Billy Talent um 15.30 Uhr? Das kann sich nur ein Festival der Superlative leisten. Das GMM in Belgien macht's vor!

Dessel (kluk) - Donnerstag, 17 Uhr, Dessel, Belgien. Man muss schon verdammt bodenständig sein, um sich hier gemeinsam mit 199.999 anderen Festivalbesuchern die Beine in den Bauch zu stehen. Der Haupteingang und die Festivalbändchenbefestigungsanlaufstelle™ sind verstopft – bereits seit dem frühen Mittag.

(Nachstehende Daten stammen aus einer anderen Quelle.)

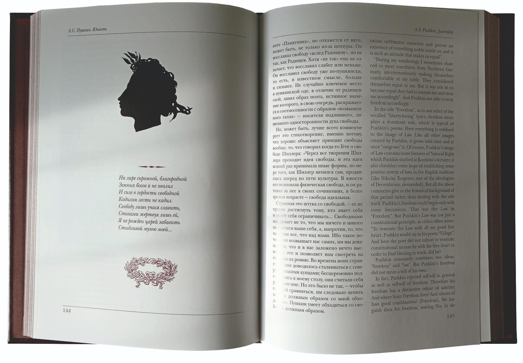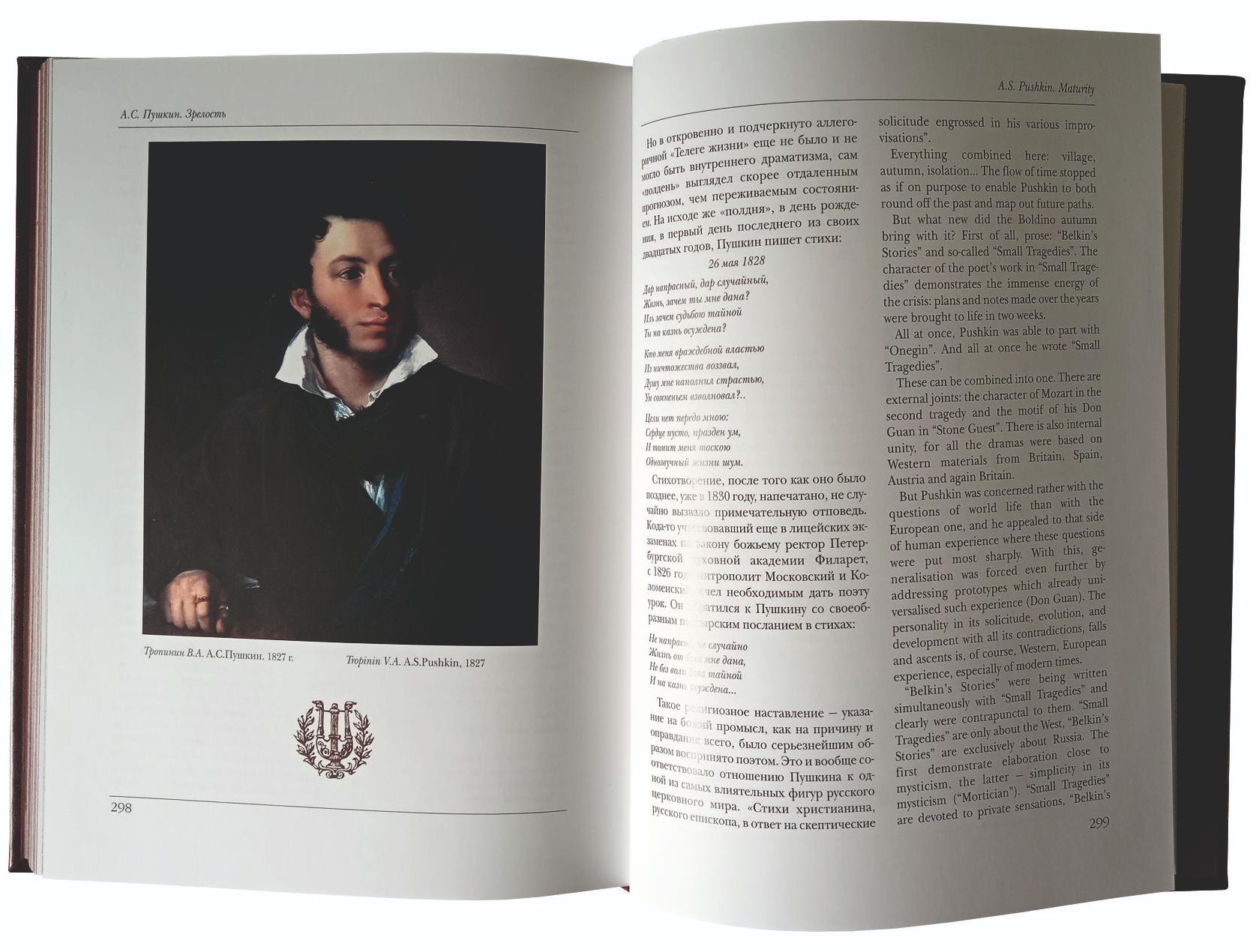 Издание признано лучшей книгой России 1999 года. Написанная известным литературоведом Н. Скатовым биография поэта читается как захватывающий детектив и содержит различные интересные факты. В издание также включены лучшие стихотворения А.С. Пушкина, цветные репродукции картин кисти современных ему художников, многочисленные материалы, позволяющие наглядно представить ту эпоху (более 700 иллюстраций). Текст и подписи под иллюстрациями на двух языках – русском и английском.
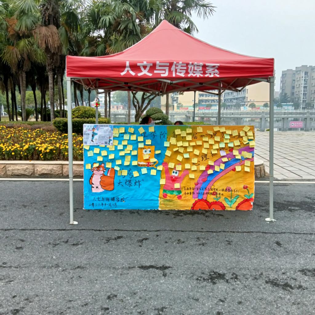 本网讯(员工记者 李双霜)11月11日至12日人文与传媒公司于城中校区和西区分别开展心理健康月知识问答活动。本活动旨在让同学们正确认识自己,展现自己,了解更多的心理健康知识,营造良好的校园氛围。
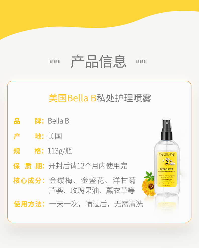 美国Bella B贝拉碧女性私密修护舒缓喷雾5oz(113g)/瓶(12瓶/箱JPY带授权招加盟代理
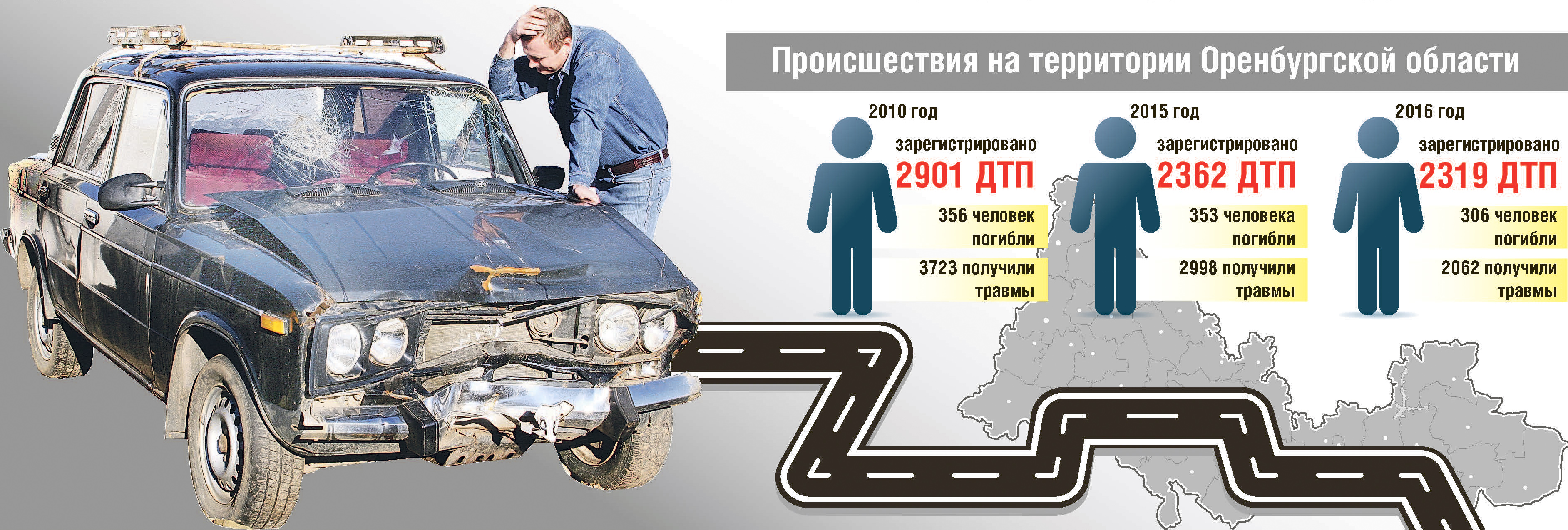 В 2010 году в Оренбуржье произошло 2901 ДТП, погибло 356 человек. В 2016-м на 600 происшествий меньше, но летальных исходов меньше только на 50.
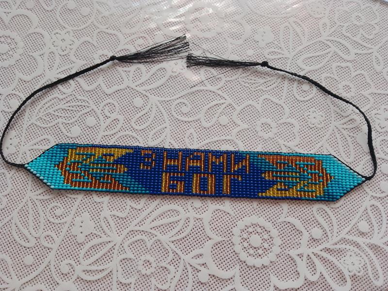 Браслет виготовлений з чеського бісеру. Застібка на зав'язки, перед відправкою можу додати ковзаючий вузол для швидкого і легкого одягання і знімання. По краях зміцнений подвійною ниткою, тому буде добре носитися не розтягуватися, не протиратися. Довжини браслету без застібки 20 см.+ зав'язки. Ширина браслету 2.8 см, 17 рядів бісеру. Браслет підійде для щоденного носіння, або як подарунок-оберіг.

In überkollegialer Manier erduldet man minutenlang Tabak-, Mundgeruchs- und Staubwolken (die Rede ist von solchen, die das Taschentuch nach Benutzung grau färben), ohne dem Eingang auch nur 10 Meter näher zu kommen. Danke, Axl!

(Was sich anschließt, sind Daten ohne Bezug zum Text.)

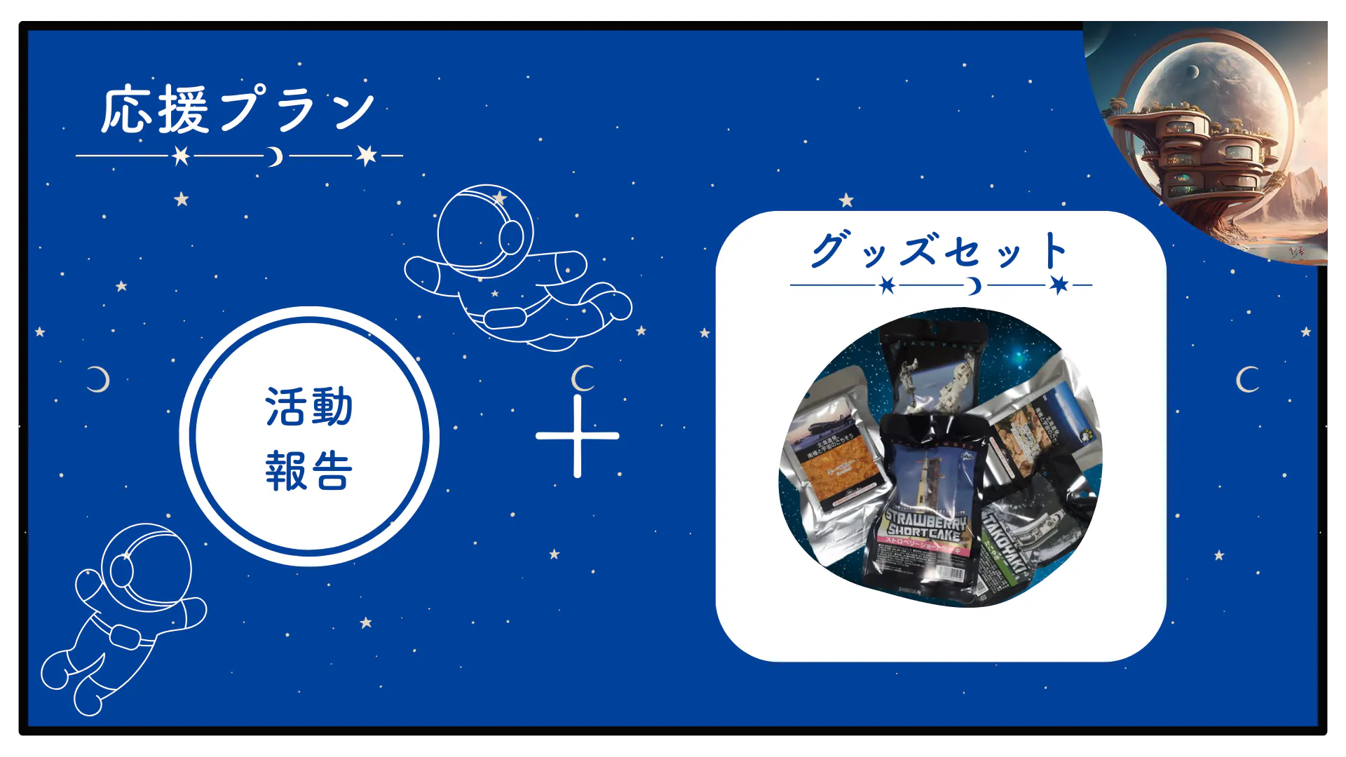 活動報告書に加えて、グッズセット(宇宙食・高原野菜の詰め合わせ)をお送りいたします!
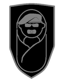 The mark consists of a stylized shield shaped like a military patch showing a baby wearing a special forces beret, sunglasses, sucking on a pacifier and wrapped in a blanket
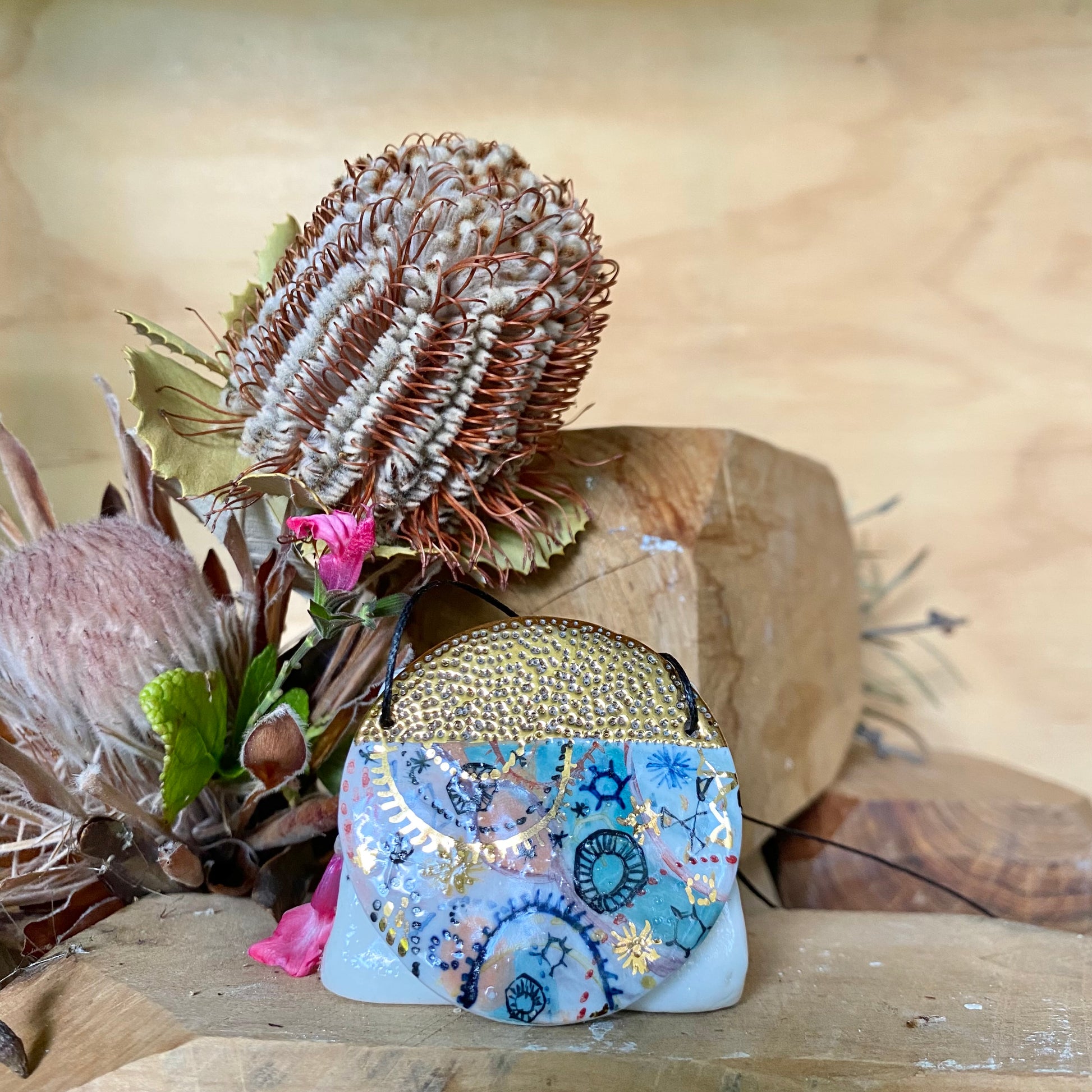 This pendant is a one off piece made by Katherine in her studio in Castlemaine, Victoria.

Hits, Hits, Hits bei Ghost

Während auf Facebook bereits der Bär steppt, schieben die Graspop-Veranstalter die essentielle Information nach: Man kommt dann jetzt auch über den Campingplatz rein. "Hallelujah!" denken sich nicht nur die Fans, die es nach kurzem Spießrutenlauf mit Sack und Pack aufs Festivalgelände geschafft haben, um Jon Schaffers Iced Earth zu bestaunen. Auch bei Ghost geht es im Anschluss durch und durch christlich zu: Dabei weckt die abermalige Transformation der Pop-Metaller hin zum Live-Oktett die Neugierde zahlreicher Anwesender. Die zwar eine nette Show, dafür aber einen vom Winde verwehten Sound und einen zumindest anfangs am Mikro etwas unsicheren Tobias Forge abkriegen. Der Mitsingparty galore tut das natürlich keinerlei Abbruch, schließlich warten Ghost mit ihrem etablierten Setlist-Schema auf: Hits, Hits, Hits.

Anschließend Geländecheck: Auch das Betreten und Verlassen der Toilettenbereiche wird zur Sisyphusarbeit, 15 Minuten (Stuhlgang exklusive) darf man hier gerne schon einplanen. Also fast so übel wie mittags am Einlass. Nur was ist schlimmer? Black Stone Cherry zu verpassen oder im (Zeit-)Druck die eigene Hose zu beflecken? Nun ja, bei manchem bedingt wohl auch das eine das andere.

Kein Durchkommen bei Dool

Ein Blick auf die WM-Screens am Boneyard-Campingplatz verrät, dass einen zumindest die heutigen Tipico-Wetten nicht im Stich lassen. Einen Dämpfer kriegt die ganze Angelegenheit allenfalls noch mal dadurch, dass es bei Dool kein Durchkommen gibt. Hätten sie lieber mal den parallel auf der Hauptbühne exerzierenden Korn-Sänger Jonathan Davis ins Zelt verlegt. Schließlich gibt es angenehmere Beschäftigungen, als mit Madball-Soundcheck im Hintergrund ins Metal-Dome-Zelt hineinzuhorchen.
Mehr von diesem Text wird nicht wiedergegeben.